McClean responded by saying he has "a lot of sympathy" for China's history as being an Irishman, he understands the depredations they all suffered under the British Empire.
While he said he has visited China before and saw for himself that the people there were friendly and kind, and that it was not "a brutal police state", people still have to understand the "reality" that a million people are "incarcerated in China because of their religion".
"How do you explain that away?" he asked when concluding his question.
Has China or the West killed more innocent Muslims?
Mahbubani then responded by saying that China is not perfect, before asking the interviewer rhetorically whether it was China or the West that has killed more innocent Muslims in the last 20 years.
He went on to say that former United States President Barack Obama, a relatively "peaceful" president, had dropped 26,000 bombs on seven countries.
The aftermath of the September 11 terrorist attacks saw the U.S. invade Afghanistan and then Iraq, which resulted in the loss of many Muslim lives, he said.
"I want to emphasise that China also experienced a 9/11 moment, that Chinese were killed in Chinese cities by people from Xinjiang."
China said this has got to stop, which was why they started a deradicalisation programme in Xinjiang, he added.
No Muslim country stood up for the Muslims in Xinjiang, and they are not necessarily beholden to China economically
He continued to say that while the West objected to the programme and tabled a resolution at the UN, not a single one out of the 50 Muslim countries in the world supported the West in what they were trying to do to defend the Muslims in China.
"To put it very bluntly, the rest of the world could see the hypocrisy of what the West was doing, and that's why not a single Muslim country joined in."
He then said the world can try to help the Muslims in China, but if a country posture and tell others what to do, nobody is going to listen to it.
When McClean raised the counterargument that no Muslim country stood up for the Uyghurs in China as they are so heavily indebted to the country, Mahbubani responded by saying such an assertion is not factually true.
He pointed out the fact that American allies such as Saudi Arabia and the United Arab Emirates did not support the U.S. in the resolution, and that the former is a lot more indebted to the U.S. than China.
"Maybe the Muslims can make decisions without being bribed economically," he said.
You can watch the full interview here:
The U.S. has to accept that it will not be number one forever
Mahbubani talked about his new book, Has China won?, briefly as well.
Joking that he would reveal the answer to the question as he is generous, he said that while China has not won, it will go on to become the number one economic power in the world within his lifetime.

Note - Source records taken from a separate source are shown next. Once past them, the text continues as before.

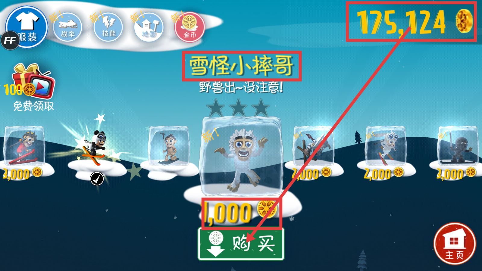 1、消耗1000金币购买“雪怪小摔哥”角色,当前金币存量充足(175,124),可提升游戏体验。
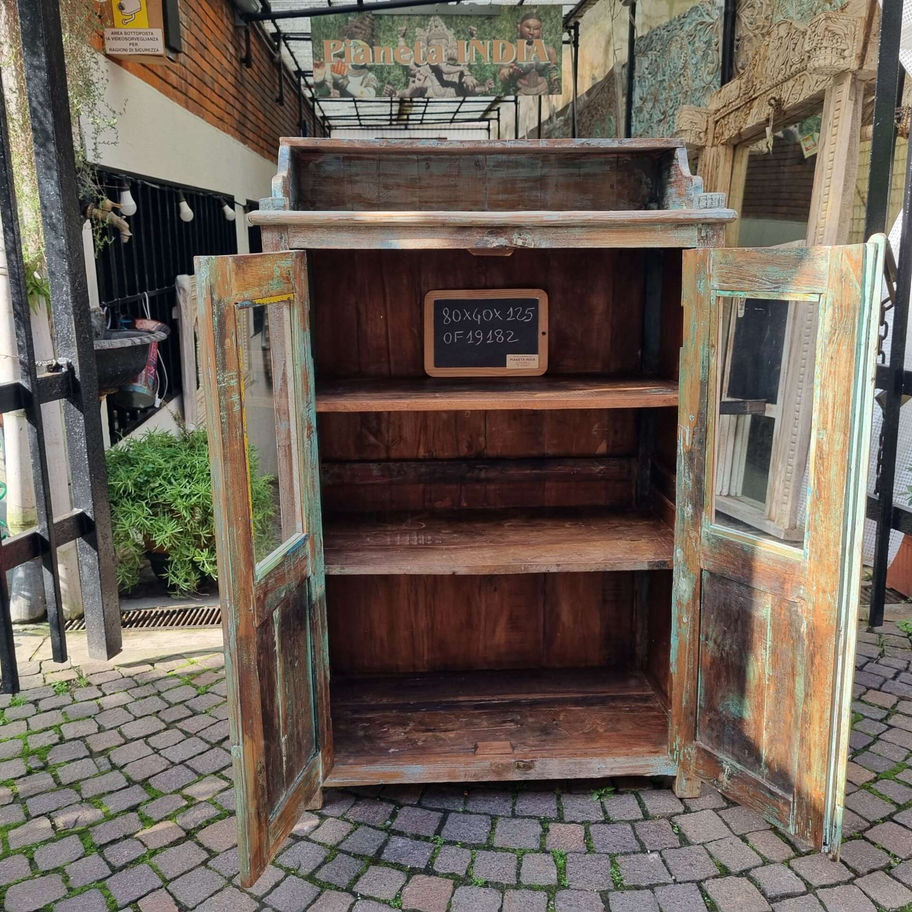 Vetrinetta in legno massello, rifinita con un elegante effetto decapato, dotata di ante a vetro e ripiano superiore. Un pezzo d’arredo rustico e funzionale, ideale per esporre oggetti e dare un tocco shabby chic all’ambiente. Questa vetrinetta artigianale, realizzata in legno massello, presenta un’affascinante finitura decapata che mette in risalto le venature naturali e regala un aspetto vissuto. Le ante frontali con vetro permettono di esporre stoviglie, libri o oggetti decorativi, mentre il ripiano superiore, parzialmente incassato, offre uno spazio extra per appoggiare piante o soprammobili. Con dimensioni approssimative di 80×40×125 cm, si integra perfettamente in ambienti dallo stile shabby chic, rustico o country, aggiungendo calore e personalità all’arredo.
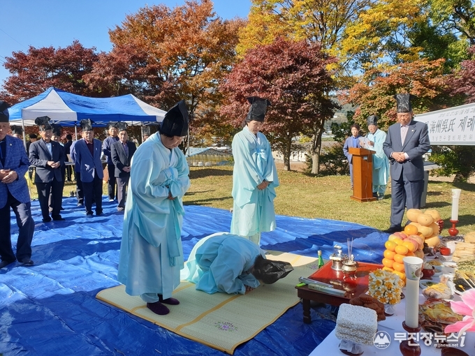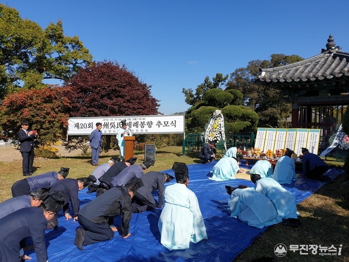 제20회 해주오씨 제례봉향 추모식이 27일 김연식 면장과 해주오씨 종친, 각 기관·사회단체장, 주민 등 100여명이 참석한 가운데 장수군 계남면 고정마을 수열비에서 진행됐다.
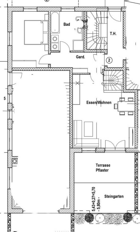 Es steht zudem ein gemeinsamer Waschraum mit je einem Waschmaschinenanschluss pro Wohnung im Keller zur Verfügung.
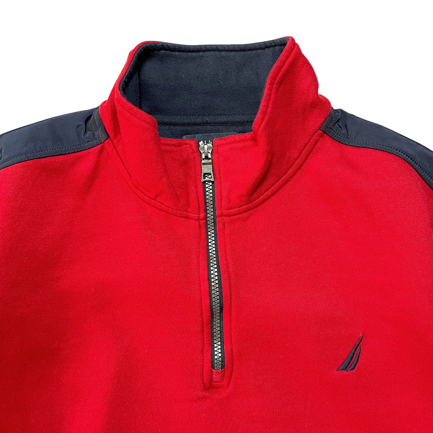USA 古着 NAUTICA ノーティカ スウェット トレーナー ロゴ 刺繍 切替 レッド メンズL ハーフジップ BD2722
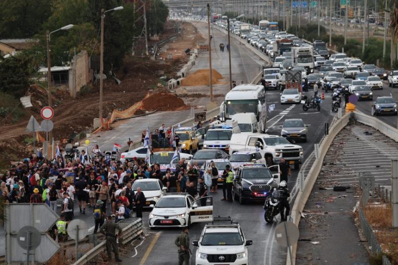 Des Israéliens défilent sur une autoroute depuis Tel Aviv en direction du Parlement israélien à Jérusalem pour demander la libération des otages (Photo de AHMAD GHARABLI/AFP)
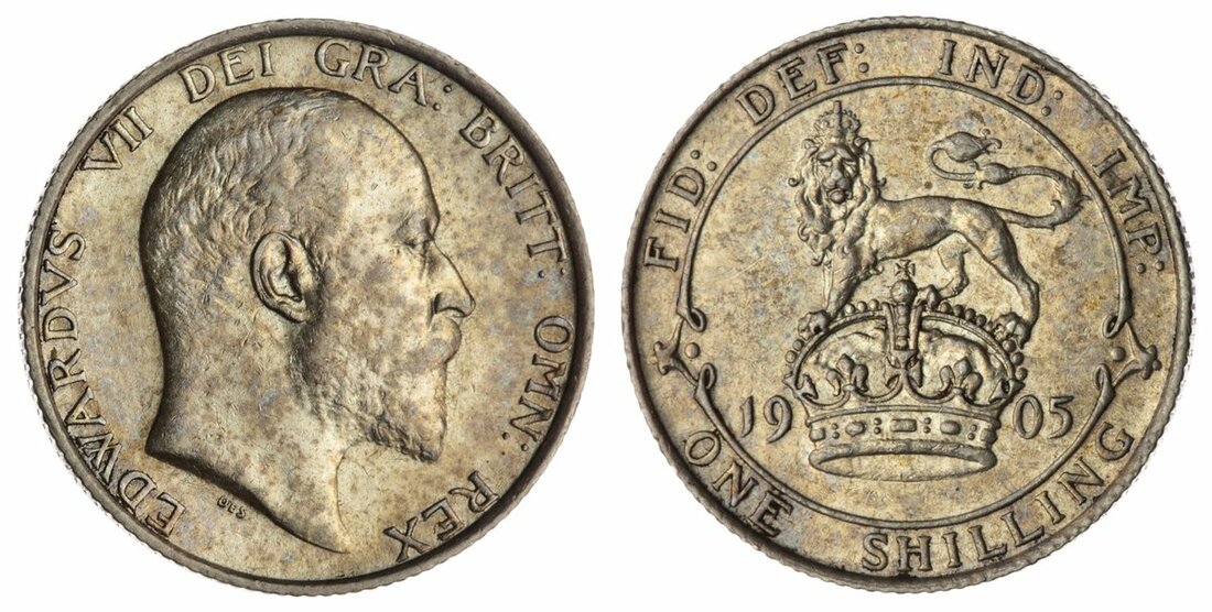 Edward VII (1901-1910), Shilling, 1905, bare head right, rev. Lion atop crown, edge milled, 5.67g, 11h (Bull 3591 [R2]; ESC 1414; Spink 3982), lightly wiped with speckled purplish-orange retoning, otherwise residually lustrous, an unusually strong strike for issue, a pleasing very fine, the reverse better, the fabled key date of series, rare thus
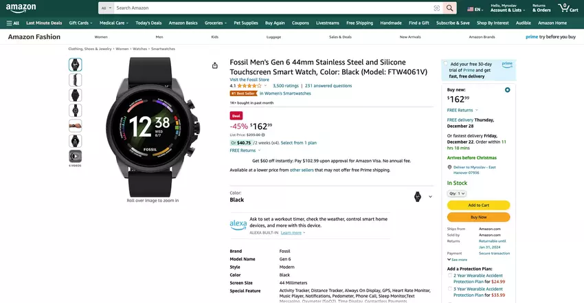 - Fossil Gen 6 44 mm, Stainless Steel - $199.00.
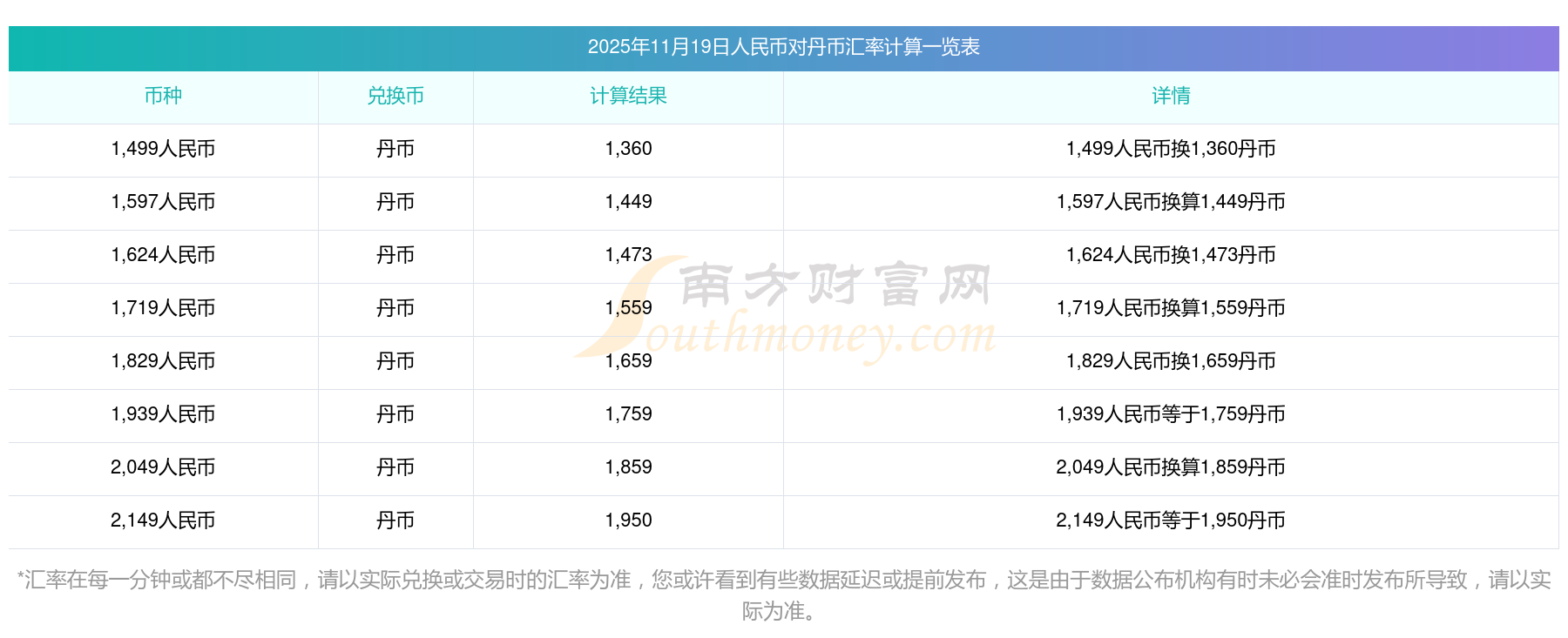 今日汇率中间价:人民币1元对多少丹麦克朗2025-11-19
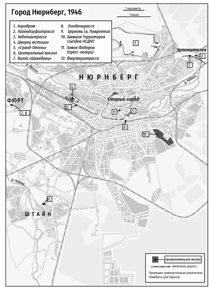 Среди тех, кто приехал наблюдать за судебным процессом, был советский кинорежиссер Роман Кармен – специальный корреспондент советской печати, получивший задание освещать ход суда. В первый день, проезжая в автомобиле через город, Кармен был поражен разрушениями. «Ни одного дома уцелевшего в Нюрнберге не увидишь, – писал он. – Это сплошные руины». Последние годы Кармен работал кинооператором Красной армии и снимал документальные фильмы в Ленинграде, на Дону и на Белорусском фронте. Он видел, что может сделать война. Но его все равно ошеломило увиденное. Нюрнберг почти сравняли с землей периодические бомбардировки союзников и уличные бои. Средневековый центр и современные части города были обращены в кучи щебня и мусора. Перед отъездом из Москвы Кармен смотрел немецкие кинохроники и документальные фильмы, где город представал во всей своей славе под властью нацистов. Он вспоминал сцены, исключительные в своем великолепии, – территорию съездов НСДАП и бесконечные парады частей СС, гитлерюгенда и вермахта. Невозможно было поверить, что это один и тот же город[1].
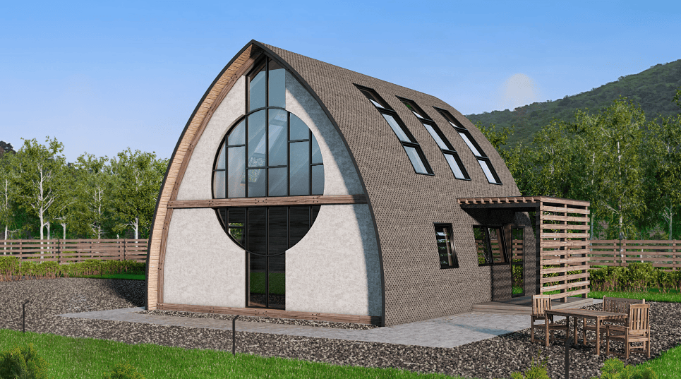 Скаты кровли выполняют функцию боковых стен, цена строительства ниже, чем обычного каркасника. Каркас предполагает качественное утепление в 200мм
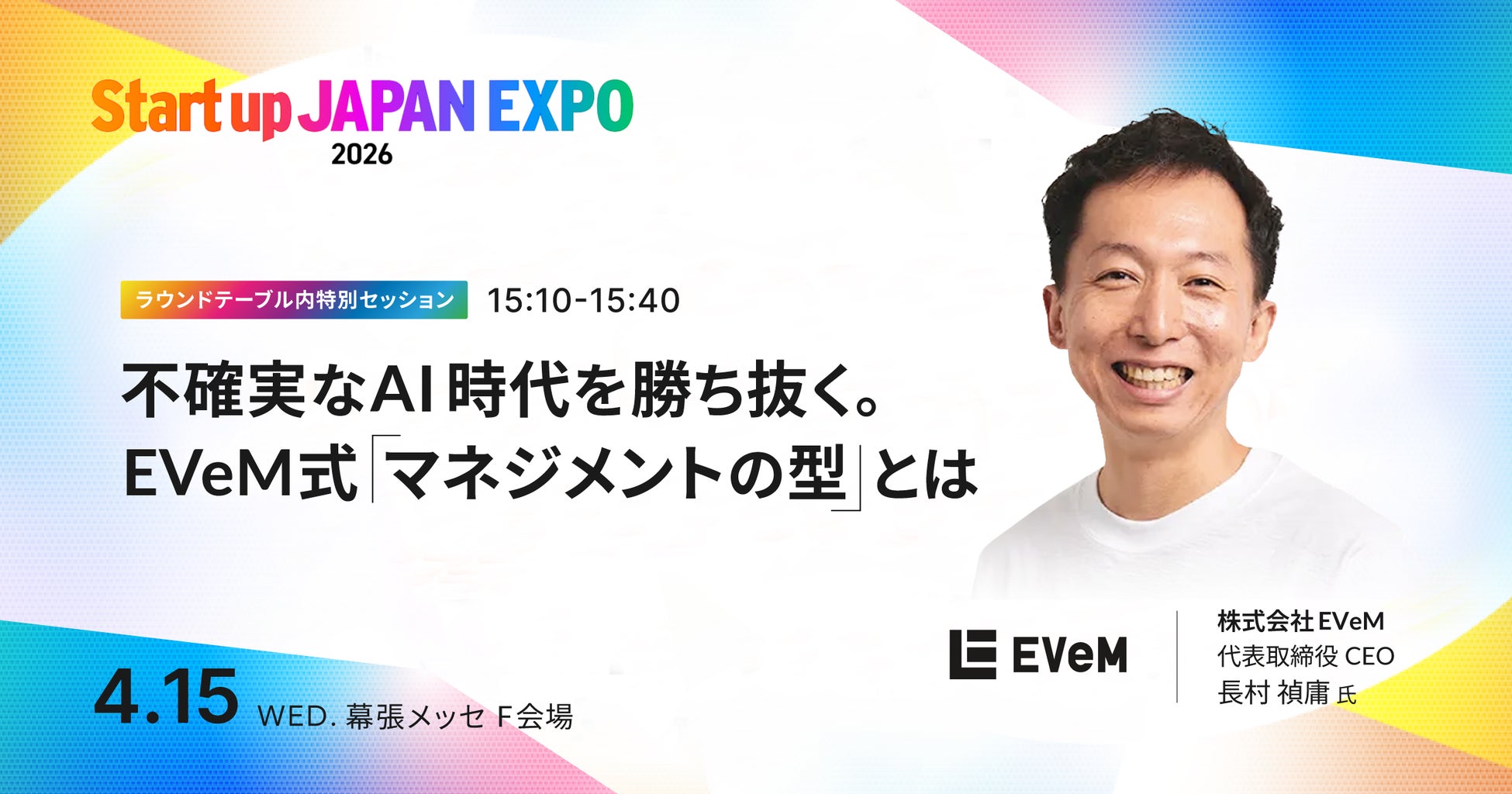 「Startup JAPAN EXPO 2026」にて、共同企画のラウンドテーブルを初開催。EVeM CEO長村氏を迎えた特別セッションで、AIエージェント時代のマネジメントを議論
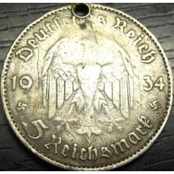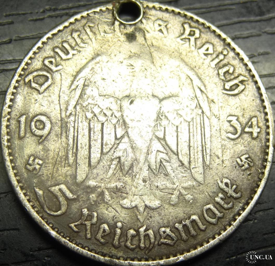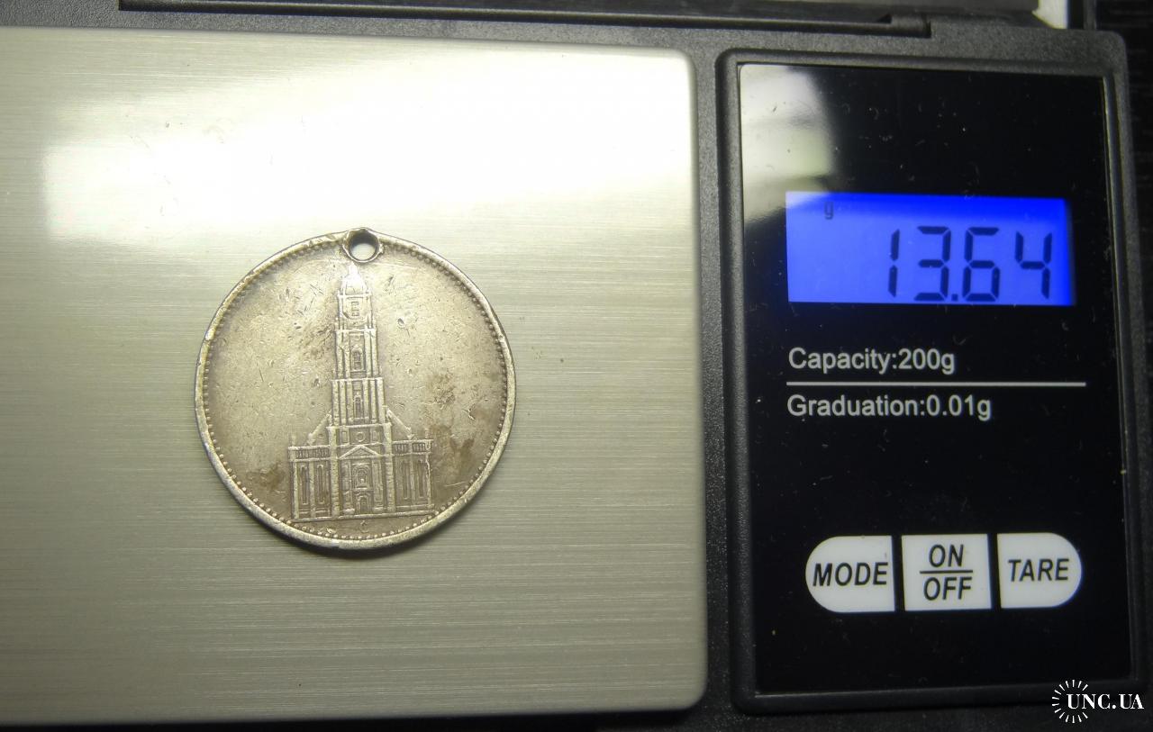 5 reichsmark Germany 1934 E Church (Muldenhütten mint) / 5 рейхсмарок 1934 E Німеччина Кірха (монетний двір - Мульденхюттен), срібло
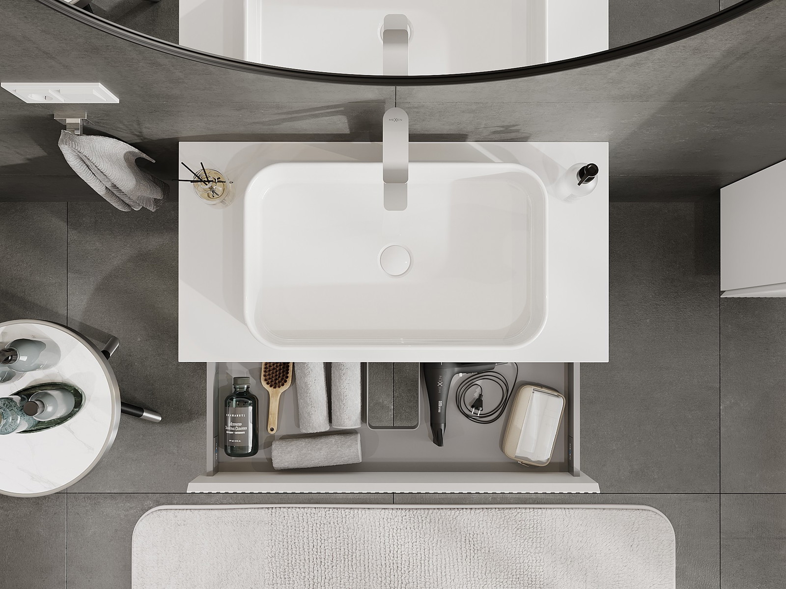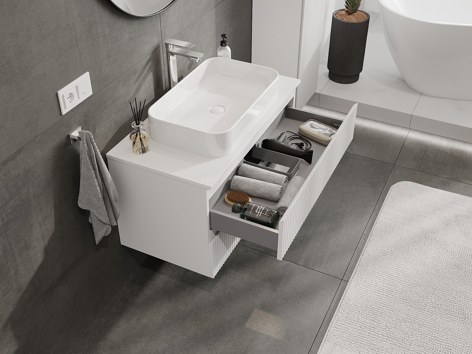 Mūsų moduliniai vonios baldai gali būti derinami tarpusavyje įvairiomis spalvų konfigūracijomis, leidžiant visiškai pritaikyti pagal asmeninius poreikius. Galima pasirinkti tiek atskirų elementų išvaizdą, tiek funkcijas, kas leidžia baldus pritaikyti pagal savo stiliaus ir naudojimo preferencijas.
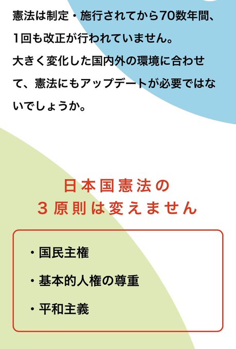 『(内閣に独裁権を与える)緊急事態条項』を『改憲4項目』に含めておいて、よくぞ『日本国憲法の三原則は変えません』などという『大嘘』を公表できるものだ。自民党が主権者である国民をとことん馬鹿にしている証左。有権者の方々、もうこれ以上、騙されてはいけません。 pic.twitter.com/3Nbcqipi7L

He reiterated that the U.S. has to prepare itself for the day when it might be number two in the world instead, which is something that many Americans are not willing to accept.
He also opined that the world is now leaving the 200-year historic aberration that is being dominated by western powers, when it was China and India which dominated for the previous 1,800 years as the two largest economies.
Mahbubani said the world is now entering an "interesting", and "hopefully peaceful" phase where it is "multi-civilisational" with many successful civilisations.
Such a world would be much richer and more interesting, and so we should be "sharing it", rather than dreading it like the U.S. is doing when it comes to the prospect of it no longer being the top power in the world, he said.
China threatening global balance of power led by the U.S.
Mahbubani has spoken on the great power rivalry between the U.S. and China on multiple occasions.
He opined that China's rise could not be contained, and while China can afford to communicate better, the West has to accept that it is now in a world where it can no longer "dominate anymore".
In a debate he won, he also said what China is threatening is not the international liberal order, but is in fact, the global balance of power that is currently led by the U.S.